Surgical Instrumentation

 

Intra-oral access is possible with a Mushin dental prop but this can be distracting at crucial moments. A self-retaining gag such as a Featherstone is better, but for ultimate ease one should use a cleft palate gag such as the Kilner modification of the Dott or the Dingman, which also provides simultaneous retraction.

 

The choice of needles is crucial, and include the 5/8 25 mm (Denys Browne), a 16 mm slim blade needle or the small J shaped compound curved needle mounted with 4/0 or 5/0 Vicryl Rapide (Ethicon). Children do not like suture removal. Small needles demand a fine-tipped ratchet needle holder, e.g. Stille Converse, and very fine dissecting forceps, e.g. Adsons. Subperiosteal flap dissection within a cleft also requires a small sharp periosteal elevator such as the McDonald, Friers pattern or even a Mitchell’s trimmer.


   

Table 11.1 Pathway of care

 

Early stages of treatment

 

Aims:

 
  1. Reconstruction of the oral sphincter and restoration of an acceptable appearance.
  2. Reconstruction of the soft palate to allow speech development.
  3. Avoid unnecessary surgery and enable optimal facial growth.
  4. Normal psychosocial development.

Means:

 
  1. Lip repair within first 6 months.
  2. Soft palate repair at one year of age.
  3. Speech therapy.
  4. Secondary hard palate surgery should be delayed as long as possible. Usually until 12 months.

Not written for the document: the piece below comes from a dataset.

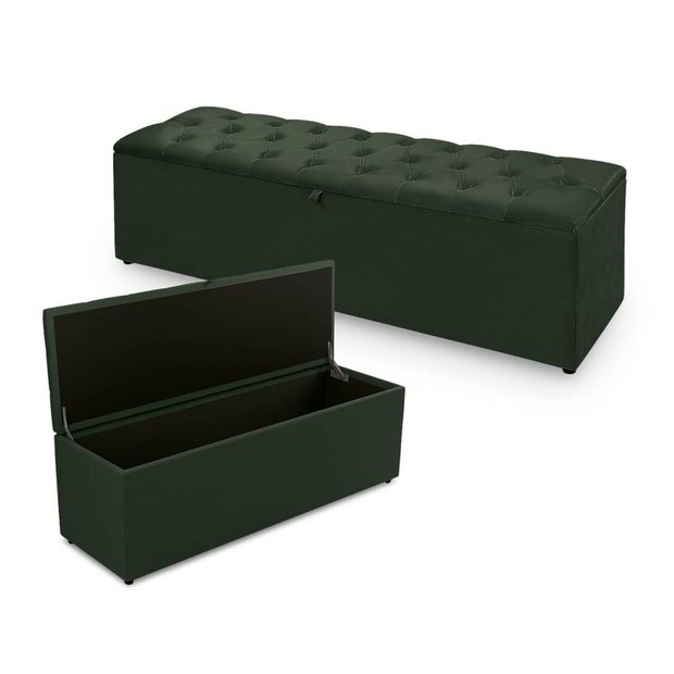 Possui grampos de aço galvanizado e é composto por espuma de alta resiliência. O mecanismo articulado é de aço para abertura e fechamento do baú. Produzido em Madeira de Lei reflorestada (eucalipto) com tratamentos anti-pragas. Seu tecido é tipo linho na cor Verde, com visual rústico e elegante. PROFUNDIDADE: 0,42m I ALTURA TOTAL: 0,42m I pés (sapatas): 0,02m I LARGURA (comprimento): 0,80m I PESO: 24kg.

Treatment in the mixed dentition

 

Aims:

 
  1. Orthodontic alignment of the developing dentition.
  2. Reconstruction of the alveolar cleft and dental arch form.
  3. Oronasal fistula closure.
  4. Restore normal symmetrical maxillary bony contour.
  5. Stabilisation of the dentoalveolar segments.
  6. Maintenance of a healthy adult dentition.

Means:

 
  1. Orthodontics essential for surgery.
  2. Alveolar reconstruction with bone grafting.
  3. Segmental alveolar distraction osteogenesis where appropriate.
  4. Fistula closure.
  5. Preventative and restorative dental care.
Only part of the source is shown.